Step 6: Run an LLM with Ollama on Docker
Ollama is the most practical tool for self-hosting LLMs in 2026. It supports models like LLaMA 3, Mistral, Gemma, Phi-3, and many others.
Pull and Run the Ollama Docker Image
bash
sudo docker run -d \
--gpus all \
-v ollama:/root/.ollama \
-p 11434:11434 \
--name ollama \
--restart always \
ollama/ollama
Pull a Model (e.g., LLaMA 3)
bash
sudo docker exec -it ollama ollama pull llama3
Run a Model Interactively
bash
sudo docker exec -it ollama ollama run llama3
You now have a fully self-hosted LLM running on your Linux server, accessible over port 11434.
Step 7: Expose an OpenAI-Compatible API
Ollama exposes an OpenAI-compatible REST API at:
http://your-server-ip:11434/v1/
Test it with curl:
bash
curl http://localhost:11434/api/generate -d '{
"model": "llama3",
"prompt": "What is the Linux kernel?",
"stream": false
}'
This means you can point any OpenAI-compatible client, app, or SDK at your local server — no external API key required.
Step 8: Secure the API with Nginx Reverse Proxy + SSL
You don’t want port 11434 exposed publicly without authentication. Set up Nginx as a reverse proxy with basic auth:
bash
sudo apt install nginx apache2-utils -y
sudo htpasswd -c /etc/nginx/.htpasswd aiuser
Create an Nginx config at /etc/nginx/sites-available/ollama:
nginx
server {
listen 443 ssl;
server_name ai.yourdomain.com;
ssl_certificate /etc/letsencrypt/live/ai.yourdomain.com/fullchain.pem;
ssl_certificate_key /etc/letsencrypt/live/ai.yourdomain.com/privkey.pem;
auth_basic "Restricted";
auth_basic_user_file /etc/nginx/.htpasswd;
location / {
proxy_pass http://localhost:11434;
proxy_set_header Host $host;
proxy_set_header X-Real-IP $remote_addr;
}
}
Enable and reload:
bash
sudo ln -s /etc/nginx/sites-available/ollama /etc/nginx/sites-enabled/
sudo nginx -t && sudo systemctl reload nginx
Recommended Models by GPU VRAM
| Model | Parameters | Min VRAM | Use Case |
|---|---|---|---|
| Phi-3 Mini | 3.8B | 4 GB | Quick tasks, summarization |
| Mistral | 7B | 8 GB | General purpose |
| LLaMA 3 | 8B | 8 GB | General purpose, coding |
| LLaMA 3 | 70B | 40 GB | High-quality reasoning |
| CodeLlama | 13B | 16 GB | Code generation |
Monitoring GPU Usage
While the model is running, monitor GPU utilization in real time:
bash
watch -n 1 nvidia-smi
For longer-term monitoring, integrate with Prometheus + DCGM Exporter to collect GPU metrics and visualize them in Grafana.
Common Issues and Fixes
nvidia-smi not found after driver install → Reboot is required after driver installation.

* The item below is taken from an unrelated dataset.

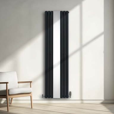 Infuser varme i dit hjem med vores banebrydende ovale panel lodrette radiator i antracitgrå med et elegant centralt spejl - en perfekt blanding af tidløs elegance og moderne effektivitet.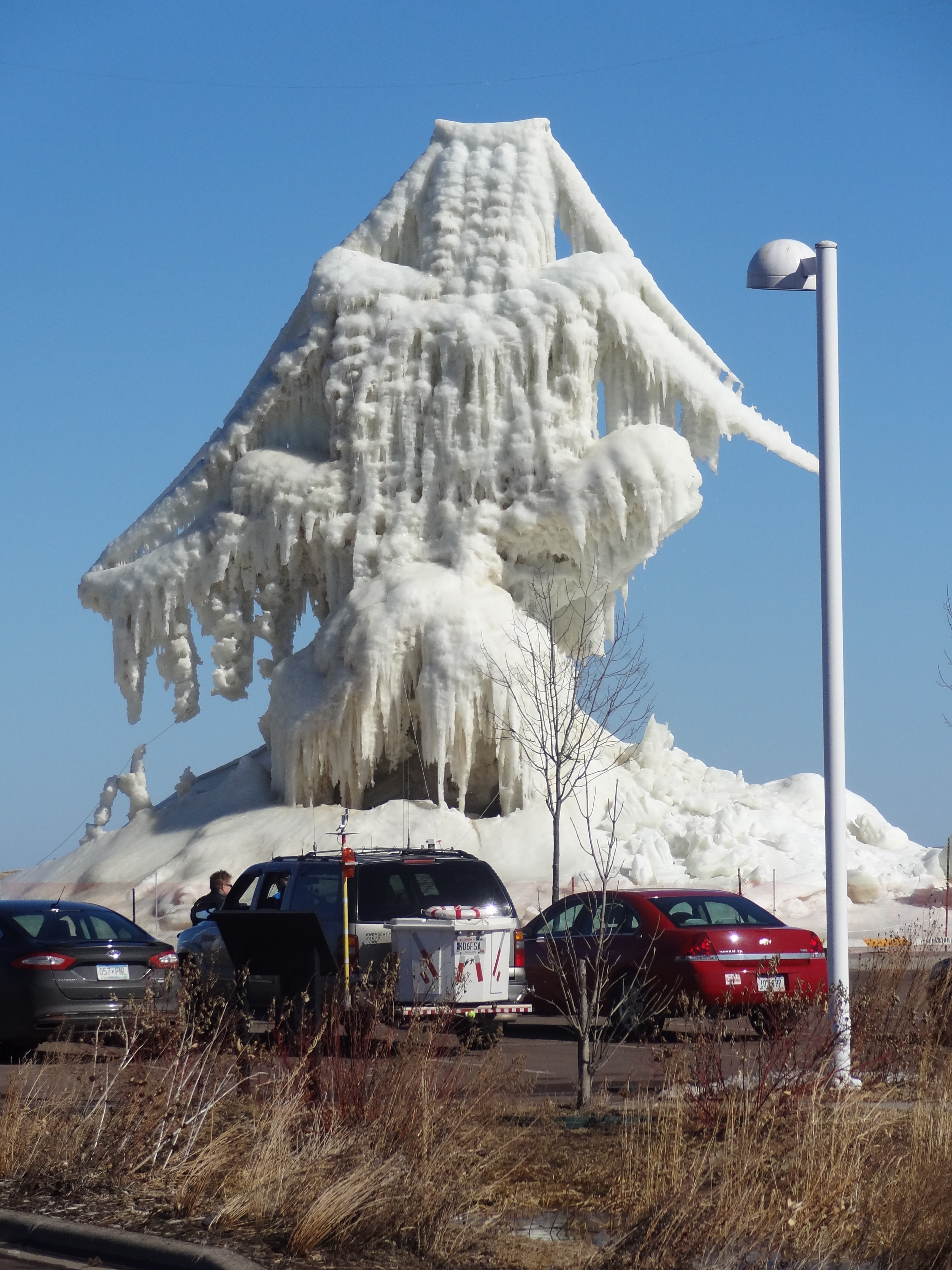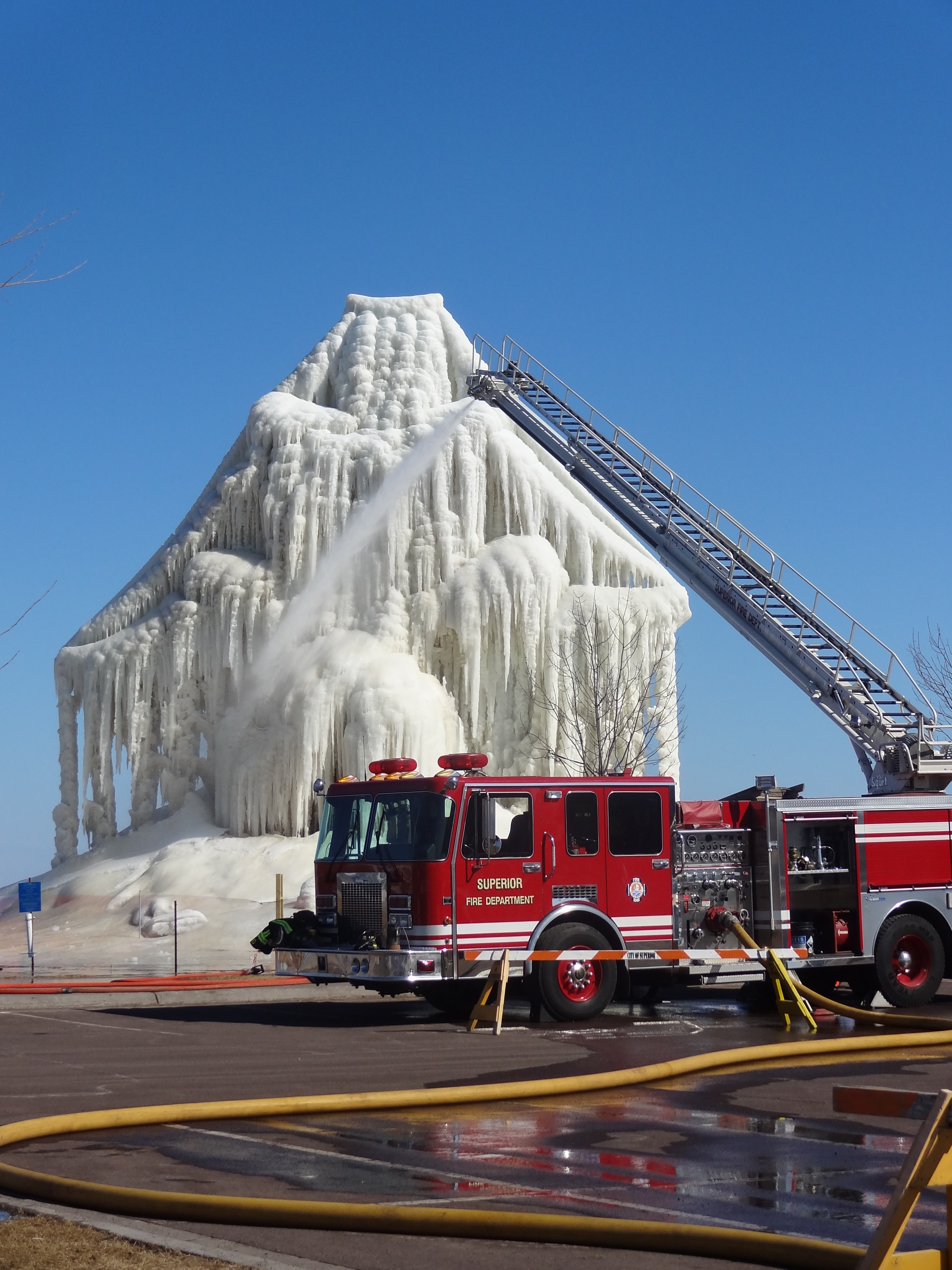 Yesterday, crews from the Superior Fire Department sprayed the formation with a hose to knock it down. Funny thing was, although the formation seemed to get skinnier, no knocking occurred. Ice Man Roger Hanson apparently did his rebuilding job too well, and now his creation can’t be destroyed!

Docker container can’t see GPU → Ensure nvidia-container-toolkit is installed and Docker was restarted after nvidia-ctk runtime configure.
Out of memory (OOM) errors → The model is too large for your GPU VRAM. Try a smaller quantized version (e.g., llama3:8b-instruct-q4_0).
Port 11434 not reachable → Check UFW rules. Run: sudo ufw allow 11434/tcp
Conclusion
Self-hosted AI inference on Linux is no longer a niche skill — it’s becoming a core competency for sysadmins and DevOps engineers in 2026. With Docker, NVIDIA container toolkit, and tools like Ollama, you can stand up a private LLM server in under an hour.
Pair this setup with a reverse proxy, proper firewall rules (see our UFW guide), and monitoring, and you have a production-ready AI inference server that keeps your data private and your API bills at zero.